▶ EXERCISE INSTRUCTIONS: Return the data below unchanged. Drop any pictures.

▶ DATASET EXCERPT:
————————
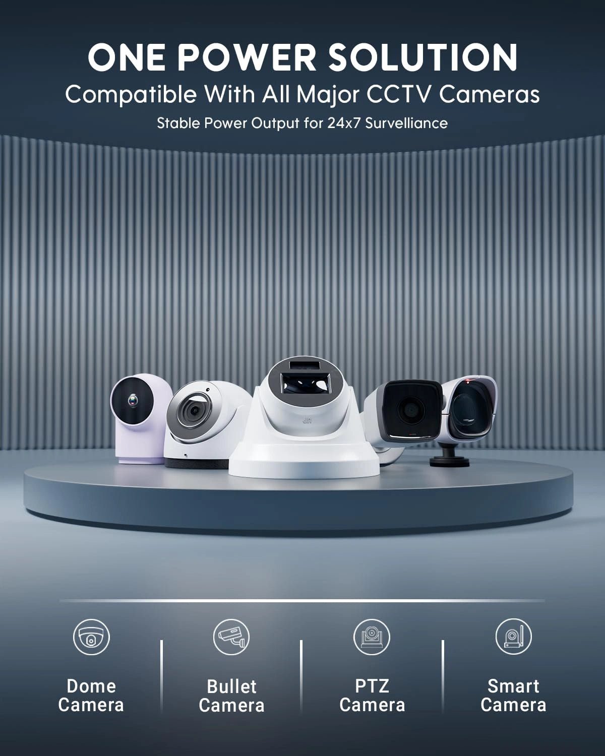 ▶ BUILT-IN VOLTAGE BOOSTER FOR LONG DISTANCE: Solve the problem of video signal loss! Our CCTV camera power supply includes an advanced voltage booster to ensure stable power delivery even for cameras installed at long distances. No more flickering or "No Signal" issues on your HD-TVI, CVI, or AHD cameras.
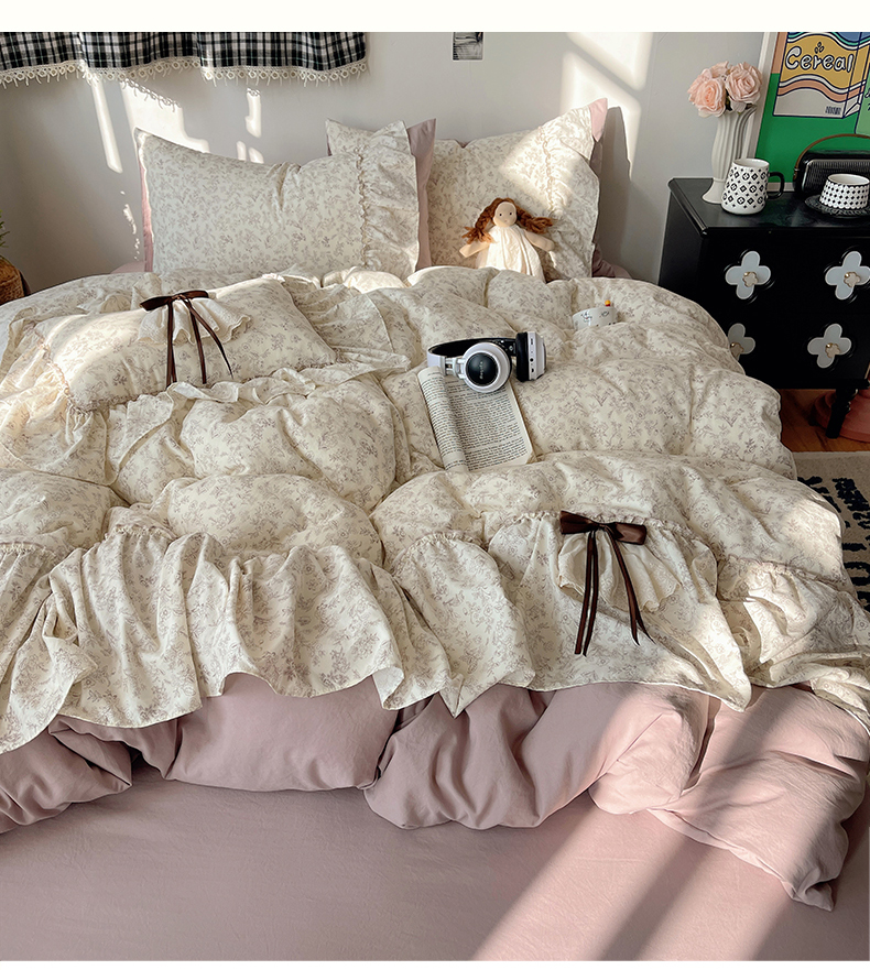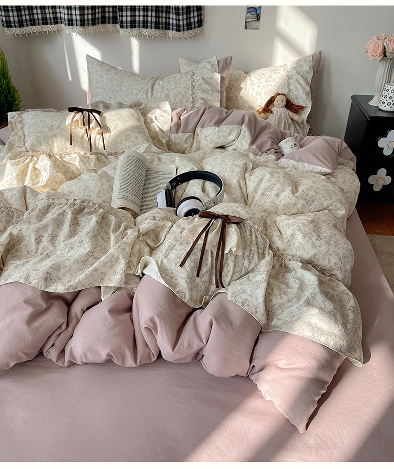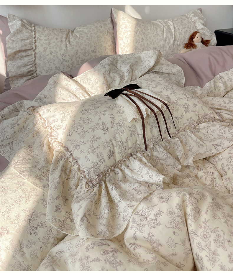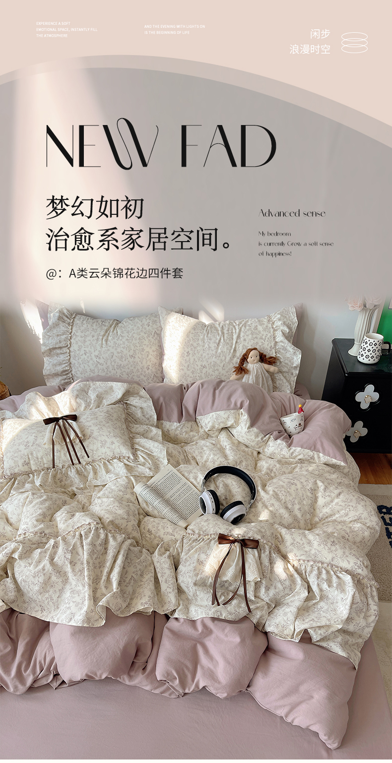 当前位置: 91家纺网 > 商品网购 > 床品套件 > 四件套 > 其它四件套 > 娜娜 2026新款A类云朵锦花边四件套 满天星-豆沙
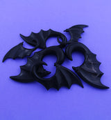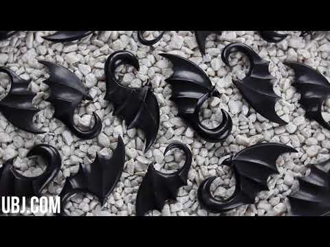 Enhance your style with this unique pair of Batwing Horn Spiral Hangers. The 8G/3mm to 5/8"/16mm hangers feature a pattern and color that may vary due to the nature of the horn. The 8G hanger measures 25mm wide by 50mm high, while the 6G, 4G, 2G, 0G, 00G, 7/16", 1/2", 9/16", 5/8" hangers measure 30mm wide by 55mm, 60mm, 60mm, 62mm, and 66mm high respectively.
————————
▶ ANSWER SPACE:
 ▶ BUILT-IN VOLTAGE BOOSTER FOR LONG DISTANCE: Solve the problem of video signal loss! Our CCTV camera power supply includes an advanced voltage booster to ensure stable power delivery even for cameras installed at long distances. No more flickering or "No Signal" issues on your HD-TVI, CVI, or AHD cameras.
 当前位置: 91家纺网 > 商品网购 > 床品套件 > 四件套 > 其它四件套 > 娜娜 2026新款A类云朵锦花边四件套 满天星-豆沙
 Enhance your style with this unique pair of Batwing Horn Spiral Hangers. The 8G/3mm to 5/8"/16mm hangers feature a pattern and color that may vary due to the nature of the horn. The 8G hanger measures 25mm wide by 50mm high, while the 6G, 4G, 2G, 0G, 00G, 7/16", 1/2", 9/16", 5/8" hangers measure 30mm wide by 55mm, 60mm, 60mm, 62mm, and 66mm high respectively.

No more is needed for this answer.